Task requirements: Go to the line with "En elegant ro-blommigt" in the records below, then output it and each following line exactly, up to and including the line with "Happy woman listening". Skip pictures and add nothing.

Recorded data:
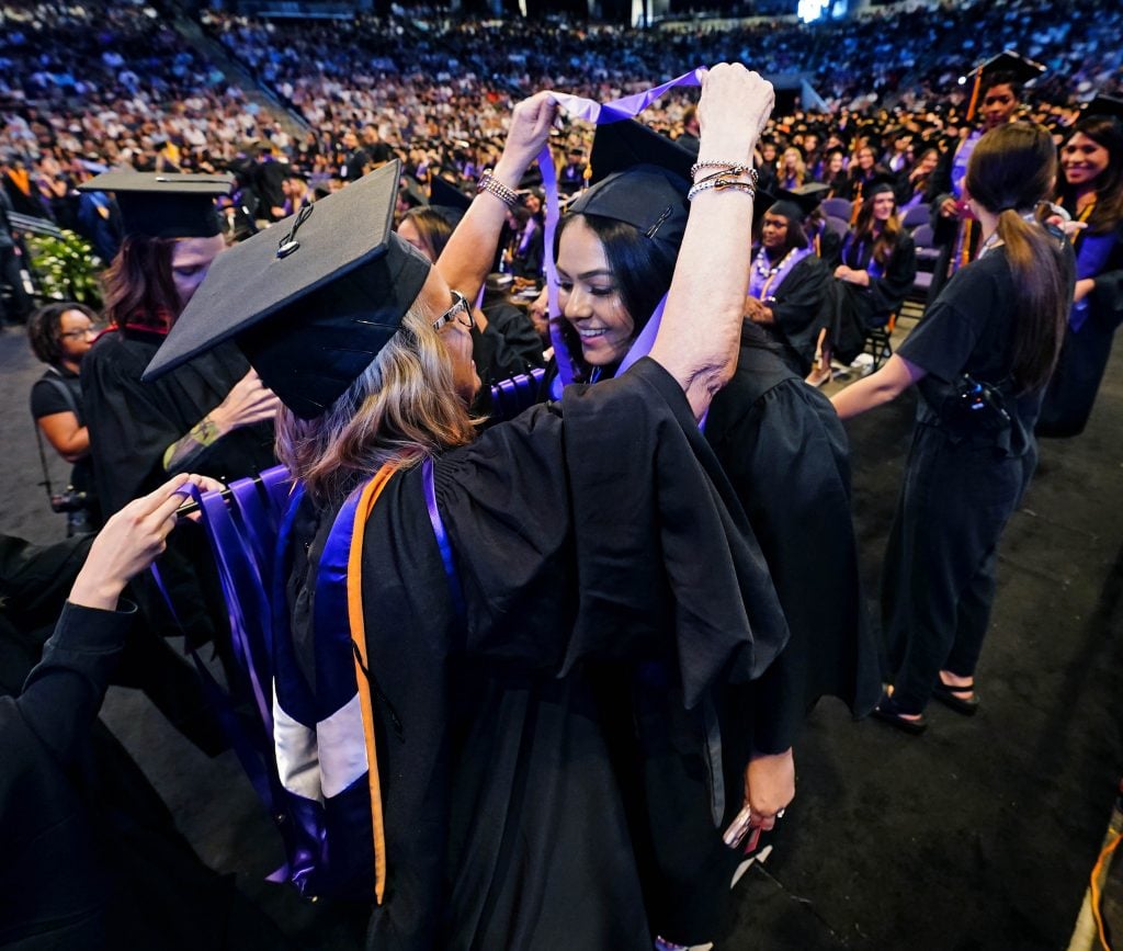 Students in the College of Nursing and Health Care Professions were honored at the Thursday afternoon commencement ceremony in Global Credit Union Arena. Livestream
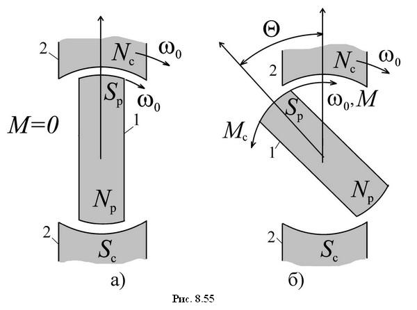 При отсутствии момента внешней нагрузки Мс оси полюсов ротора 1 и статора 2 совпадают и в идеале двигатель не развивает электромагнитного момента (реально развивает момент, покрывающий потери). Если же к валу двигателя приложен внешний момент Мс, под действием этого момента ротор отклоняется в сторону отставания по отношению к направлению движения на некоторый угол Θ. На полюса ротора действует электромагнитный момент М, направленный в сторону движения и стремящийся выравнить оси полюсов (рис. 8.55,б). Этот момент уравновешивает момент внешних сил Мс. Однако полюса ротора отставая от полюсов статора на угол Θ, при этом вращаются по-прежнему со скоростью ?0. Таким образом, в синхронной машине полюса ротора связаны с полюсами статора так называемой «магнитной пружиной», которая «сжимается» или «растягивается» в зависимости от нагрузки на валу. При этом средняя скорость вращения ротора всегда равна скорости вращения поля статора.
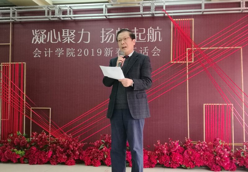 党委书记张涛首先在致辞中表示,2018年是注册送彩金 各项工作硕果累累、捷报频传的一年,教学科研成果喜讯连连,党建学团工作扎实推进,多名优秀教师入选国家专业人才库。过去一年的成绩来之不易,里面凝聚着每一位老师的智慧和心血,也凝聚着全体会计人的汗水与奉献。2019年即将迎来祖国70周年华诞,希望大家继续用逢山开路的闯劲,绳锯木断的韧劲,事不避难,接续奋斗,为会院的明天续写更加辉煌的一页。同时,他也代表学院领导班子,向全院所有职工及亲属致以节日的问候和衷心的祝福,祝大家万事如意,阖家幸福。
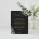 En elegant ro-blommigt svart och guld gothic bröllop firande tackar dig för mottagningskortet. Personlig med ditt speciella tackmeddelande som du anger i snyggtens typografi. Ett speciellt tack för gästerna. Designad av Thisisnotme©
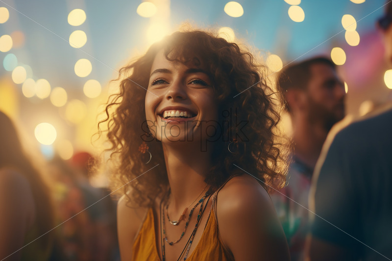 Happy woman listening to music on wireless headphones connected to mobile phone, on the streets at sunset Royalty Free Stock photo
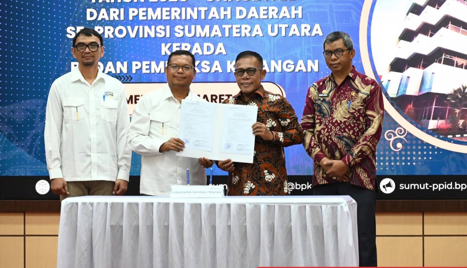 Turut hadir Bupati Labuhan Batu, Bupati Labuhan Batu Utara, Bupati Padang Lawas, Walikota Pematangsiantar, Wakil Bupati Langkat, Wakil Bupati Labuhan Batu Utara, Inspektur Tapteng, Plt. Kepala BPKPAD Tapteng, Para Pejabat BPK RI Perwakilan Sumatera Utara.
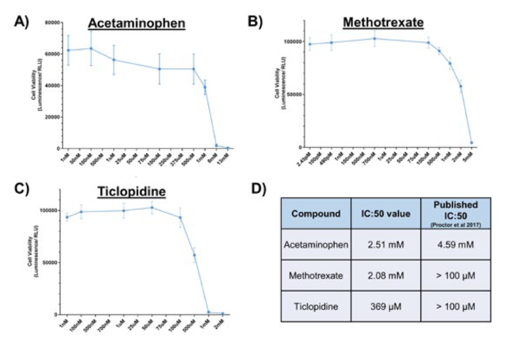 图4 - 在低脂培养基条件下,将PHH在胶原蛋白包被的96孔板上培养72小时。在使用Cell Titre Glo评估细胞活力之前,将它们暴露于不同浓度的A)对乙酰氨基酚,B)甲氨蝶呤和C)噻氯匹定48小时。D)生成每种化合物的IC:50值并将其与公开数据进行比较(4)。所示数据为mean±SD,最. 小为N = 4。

* * *

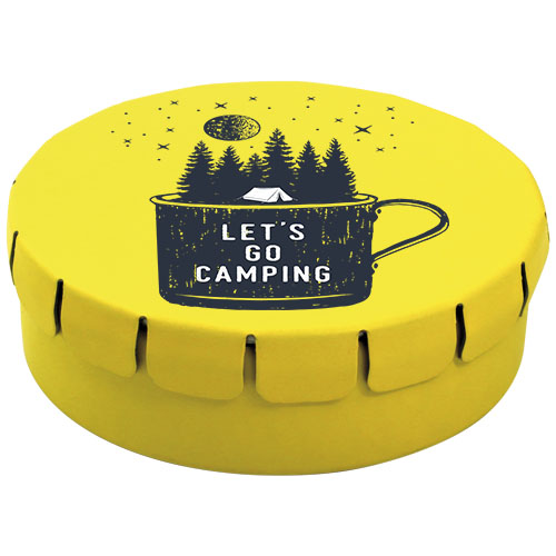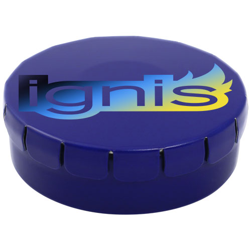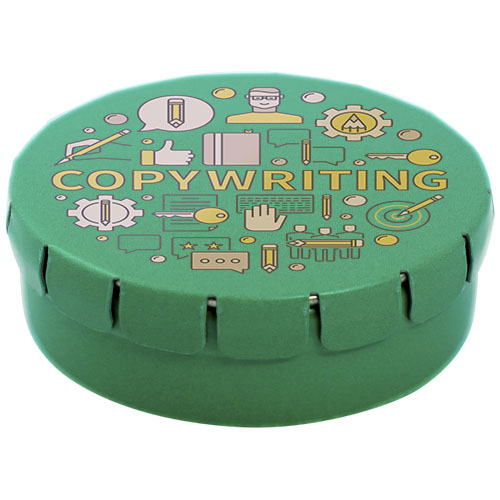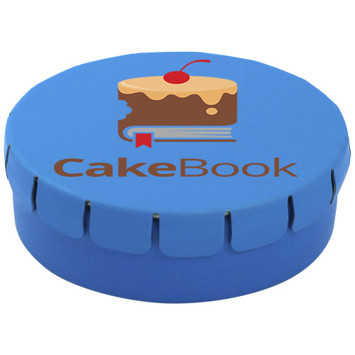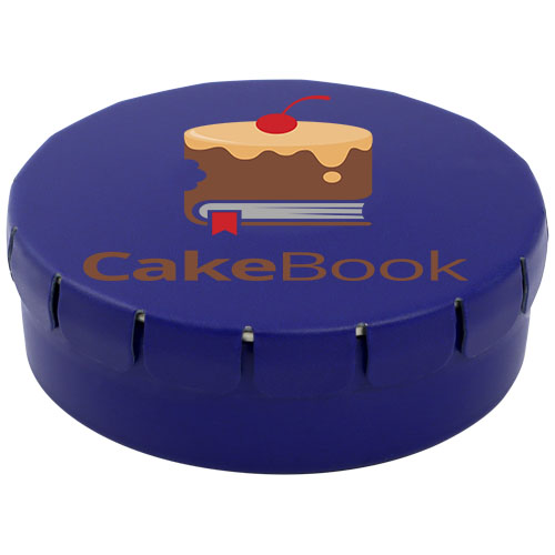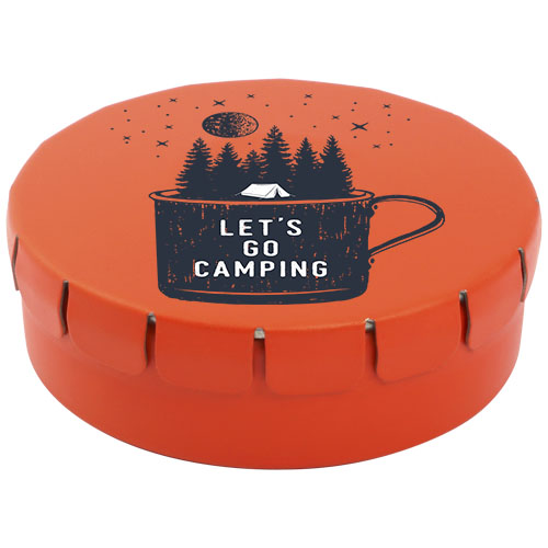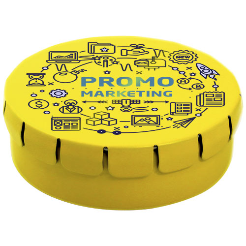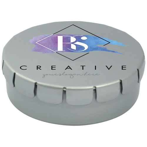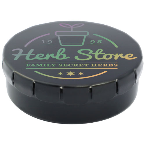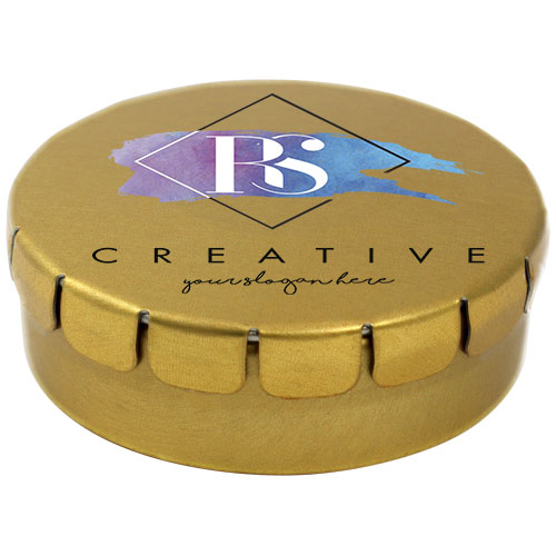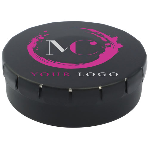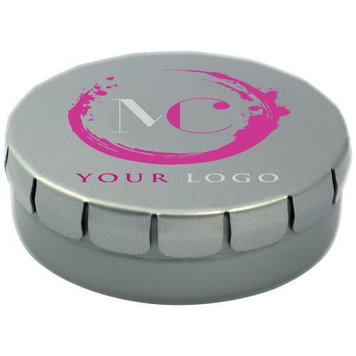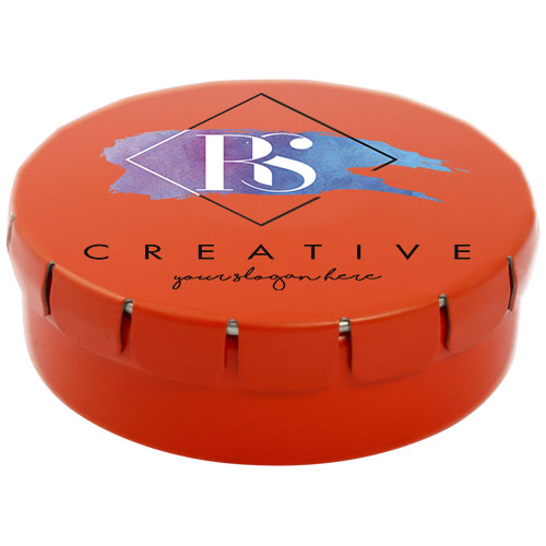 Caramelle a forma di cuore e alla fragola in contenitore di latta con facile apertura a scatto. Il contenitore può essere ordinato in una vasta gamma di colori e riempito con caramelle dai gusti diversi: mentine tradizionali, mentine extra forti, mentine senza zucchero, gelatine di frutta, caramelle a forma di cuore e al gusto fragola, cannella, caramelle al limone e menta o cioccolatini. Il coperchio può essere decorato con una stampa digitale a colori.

---

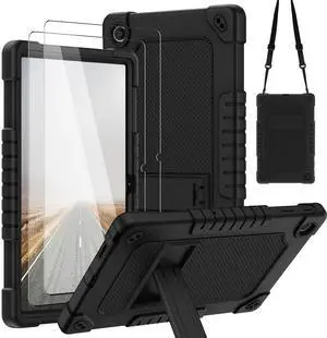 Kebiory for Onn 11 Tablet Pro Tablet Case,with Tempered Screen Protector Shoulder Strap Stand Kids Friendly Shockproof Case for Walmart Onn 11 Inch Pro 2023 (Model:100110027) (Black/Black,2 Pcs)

Exercise output:
 En elegant ro-blommigt svart och guld gothic bröllop firande tackar dig för mottagningskortet. Personlig med ditt speciella tackmeddelande som du anger i snyggtens typografi. Ett speciellt tack för gästerna. Designad av Thisisnotme©
 Happy woman listening to music on wireless headphones connected to mobile phone, on the streets at sunset Royalty Free Stock photo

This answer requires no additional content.